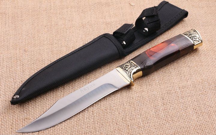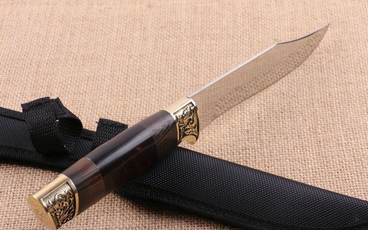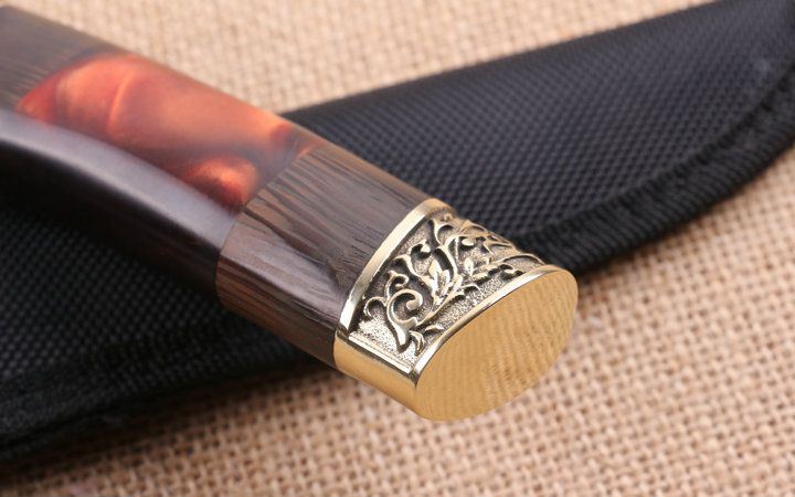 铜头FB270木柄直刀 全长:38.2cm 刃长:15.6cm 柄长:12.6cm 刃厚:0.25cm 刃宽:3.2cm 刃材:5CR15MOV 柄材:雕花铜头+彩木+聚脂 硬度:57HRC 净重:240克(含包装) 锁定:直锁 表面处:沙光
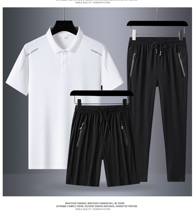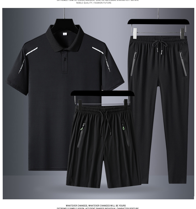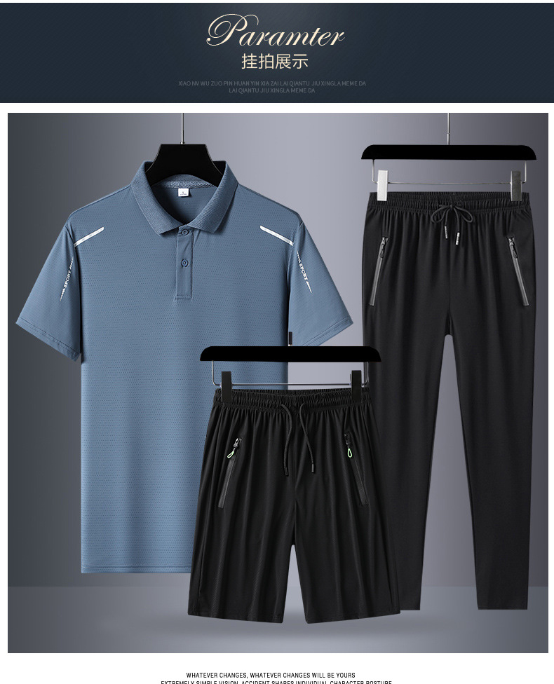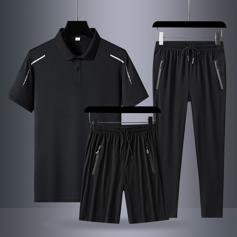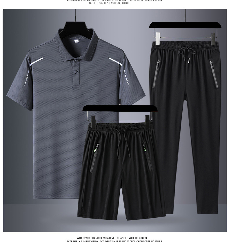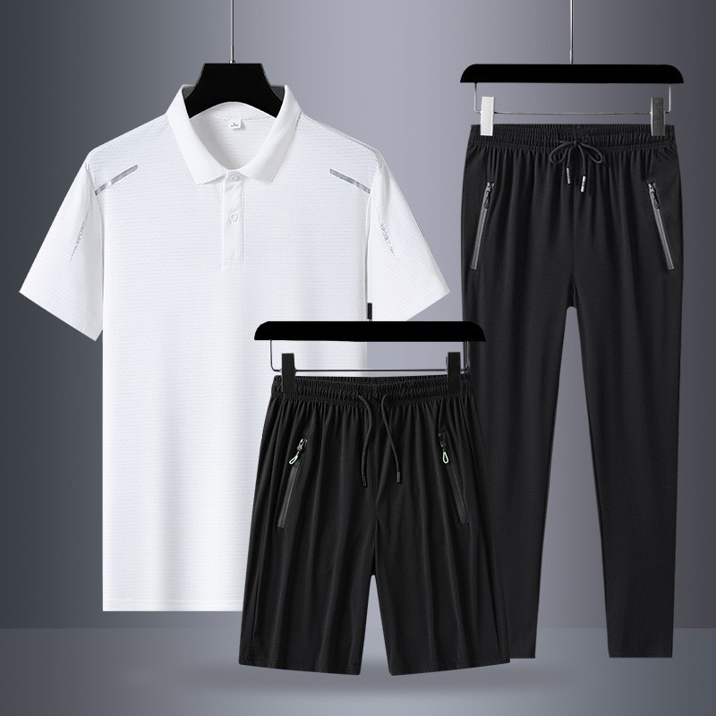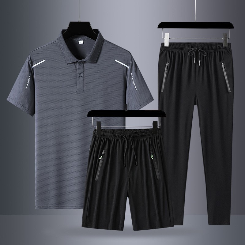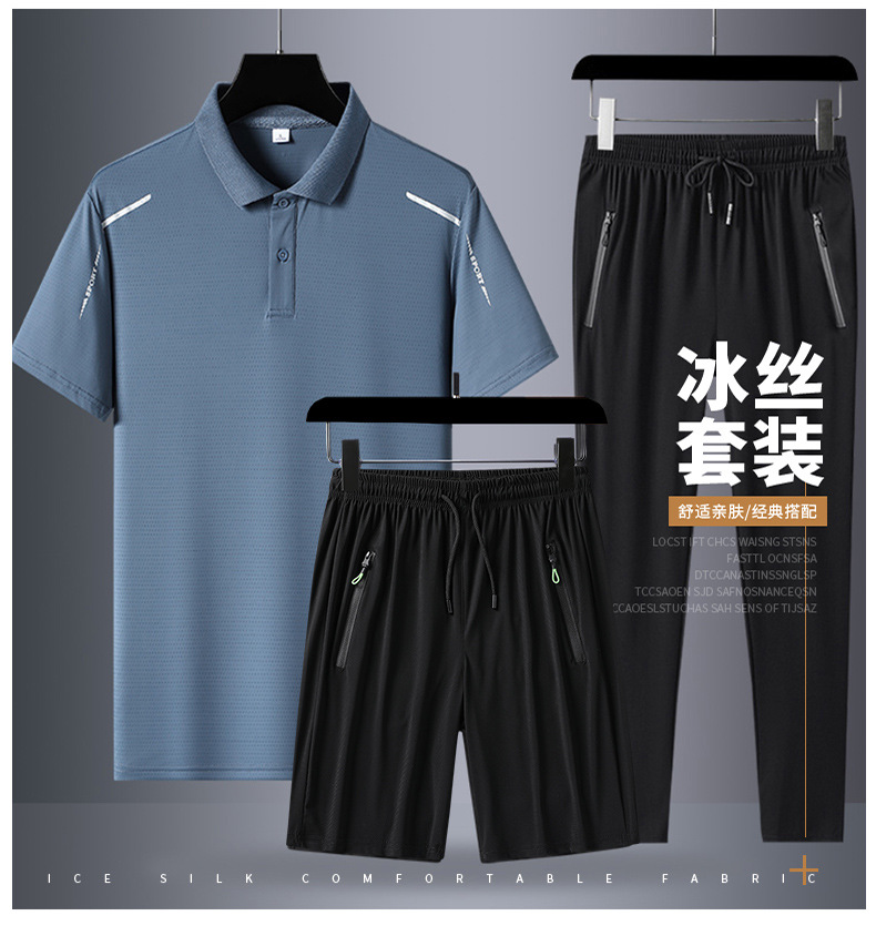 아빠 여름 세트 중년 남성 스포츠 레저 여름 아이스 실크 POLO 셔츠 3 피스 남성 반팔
-----
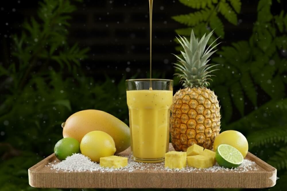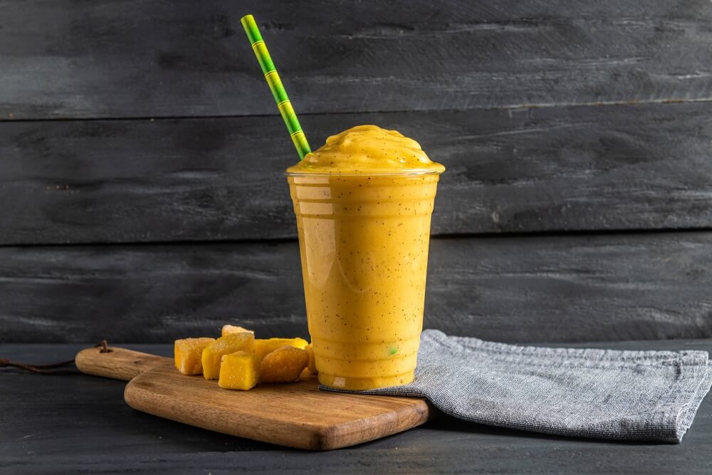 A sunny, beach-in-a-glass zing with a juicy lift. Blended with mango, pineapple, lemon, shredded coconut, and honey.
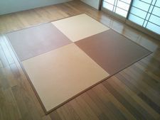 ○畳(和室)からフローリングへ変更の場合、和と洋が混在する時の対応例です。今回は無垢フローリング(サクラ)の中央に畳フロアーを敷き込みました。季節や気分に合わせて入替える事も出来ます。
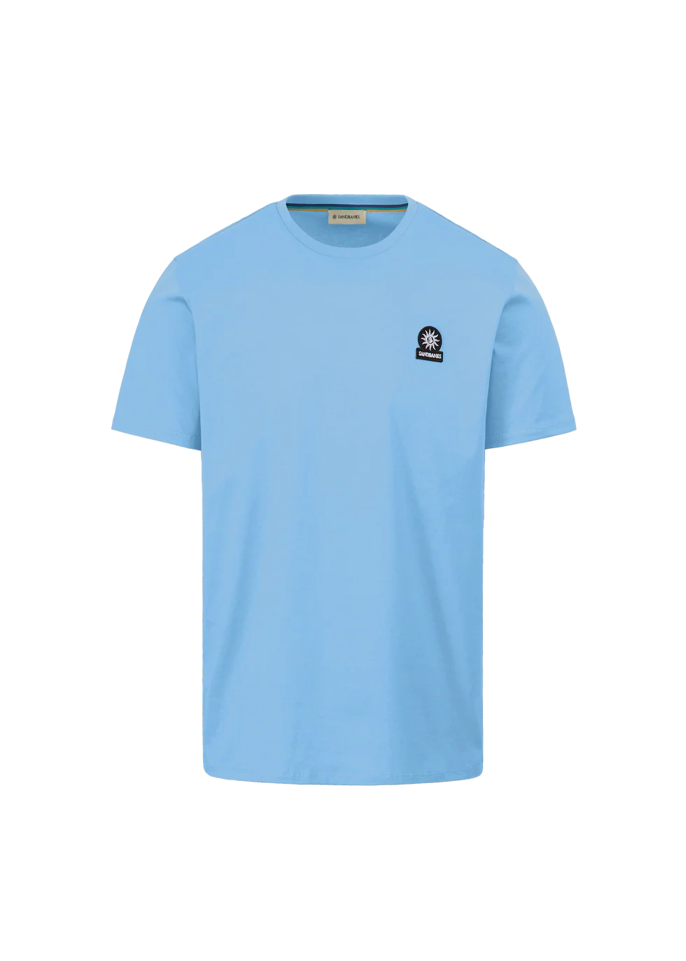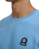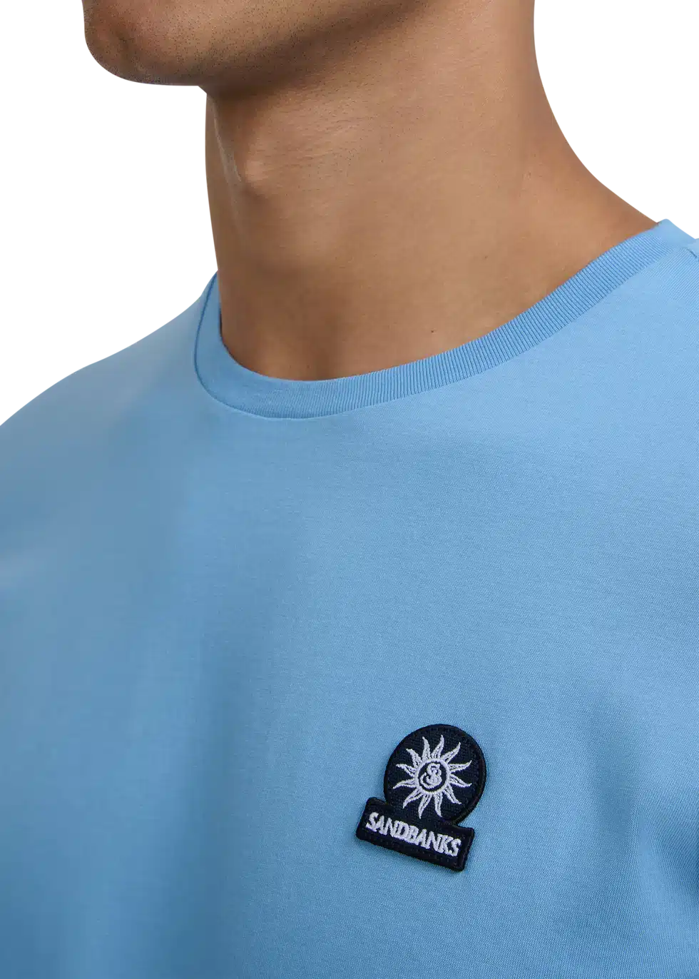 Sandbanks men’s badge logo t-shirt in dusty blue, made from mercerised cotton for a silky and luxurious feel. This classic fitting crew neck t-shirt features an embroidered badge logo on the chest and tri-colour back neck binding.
-----
EXERCISE: Only the lines starting at the one that includes "铜头FB270木柄直刀 全长:38.2cm 刃长:15.6cm" and ending at the one that includes "아빠 여름 세트 중년" should be retyped, exactly, from the records above; no pictures.

EXERCISE OUTPUT:
 铜头FB270木柄直刀 全长:38.2cm 刃长:15.6cm 柄长:12.6cm 刃厚:0.25cm 刃宽:3.2cm 刃材:5CR15MOV 柄材:雕花铜头+彩木+聚脂 硬度:57HRC 净重:240克(含包装) 锁定:直锁 表面处:沙光
 아빠 여름 세트 중년 남성 스포츠 레저 여름 아이스 실크 POLO 셔츠 3 피스 남성 반팔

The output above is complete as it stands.